◆ **DATA SECTION**:
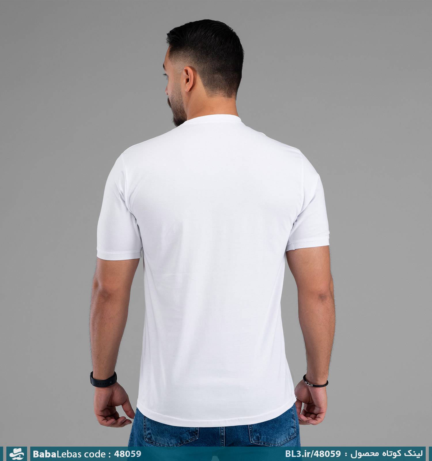 تیشرت یقه گرد مردانه سفید نخ پنبه ساده مدل 48059
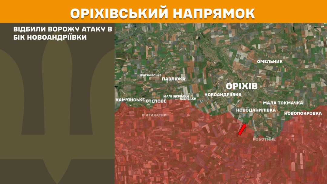 На Оріхівському напрямку українські оборонці успішно відбили ворожу атаку в бік Новоандріївки.
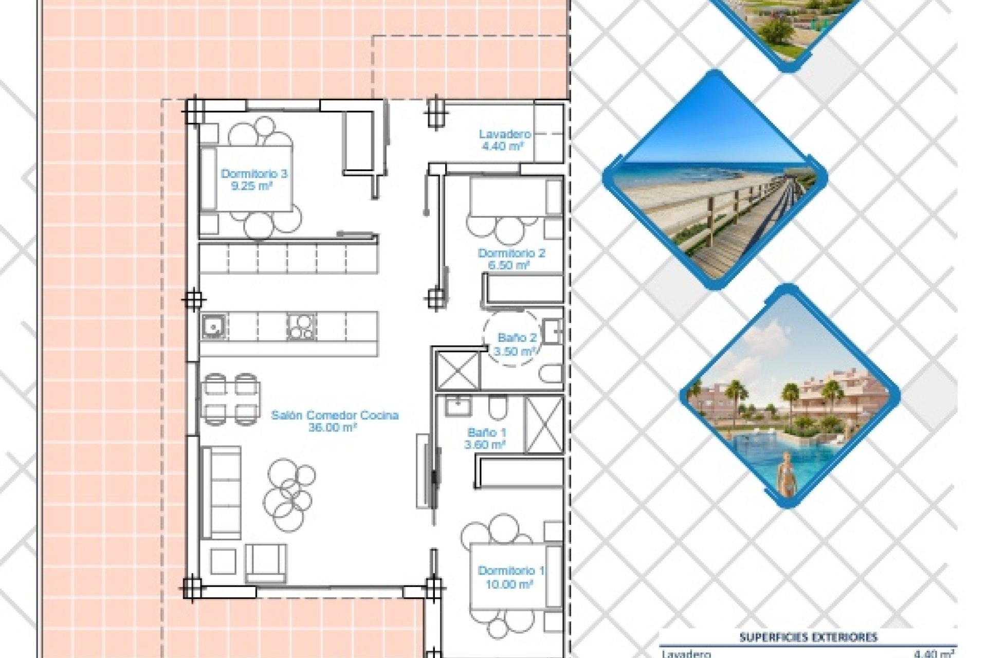 Los exteriores de este residencial están diseñados para maximizar el disfrute del clima mediterráneo. Cada propiedad cuenta con un jardín privado, ideal para crear un espacio verde personalizado o para disfrutar de momentos al aire libre en familia. Las terrazas amplias ofrecen un lugar perfecto para relajarse, tomar el sol o disfrutar de cenas al aire libre. Además, algunas tipologías incluyen un solárium, proporcionando un espacio adicional para el ocio y el relax. La presencia de un garaje asegura la comodidad y seguridad del estacionamiento, un aspecto esencial para la vida moderna. La distancia de solo 2 km hasta el mar permite disfrutar de vistas despejadas y de la cercanía a la playa, haciendo de estos exteriores un verdadero oasis de tranquilidad.
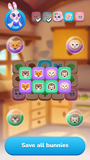 Rabbit Tiles mahjong puzzle game is an exciting Triple matching game with great graphics that develops attention, trains the brain and helps pass the time. 🧩Solve the tasks, find all the puzzles you need, and learn the exciting story of the rabbit family.

◆ **TASK ITEM**:
Write out all of the data above exactly, without any of its pictures.

◆ **EXERCISE SOLUTION**:
 تیشرت یقه گرد مردانه سفید نخ پنبه ساده مدل 48059
 На Оріхівському напрямку українські оборонці успішно відбили ворожу атаку в бік Новоандріївки.
 Los exteriores de este residencial están diseñados para maximizar el disfrute del clima mediterráneo. Cada propiedad cuenta con un jardín privado, ideal para crear un espacio verde personalizado o para disfrutar de momentos al aire libre en familia. Las terrazas amplias ofrecen un lugar perfecto para relajarse, tomar el sol o disfrutar de cenas al aire libre. Además, algunas tipologías incluyen un solárium, proporcionando un espacio adicional para el ocio y el relax. La presencia de un garaje asegura la comodidad y seguridad del estacionamiento, un aspecto esencial para la vida moderna. La distancia de solo 2 km hasta el mar permite disfrutar de vistas despejadas y de la cercanía a la playa, haciendo de estos exteriores un verdadero oasis de tranquilidad.
 Rabbit Tiles mahjong puzzle game is an exciting Triple matching game with great graphics that develops attention, trains the brain and helps pass the time. 🧩Solve the tasks, find all the puzzles you need, and learn the exciting story of the rabbit family.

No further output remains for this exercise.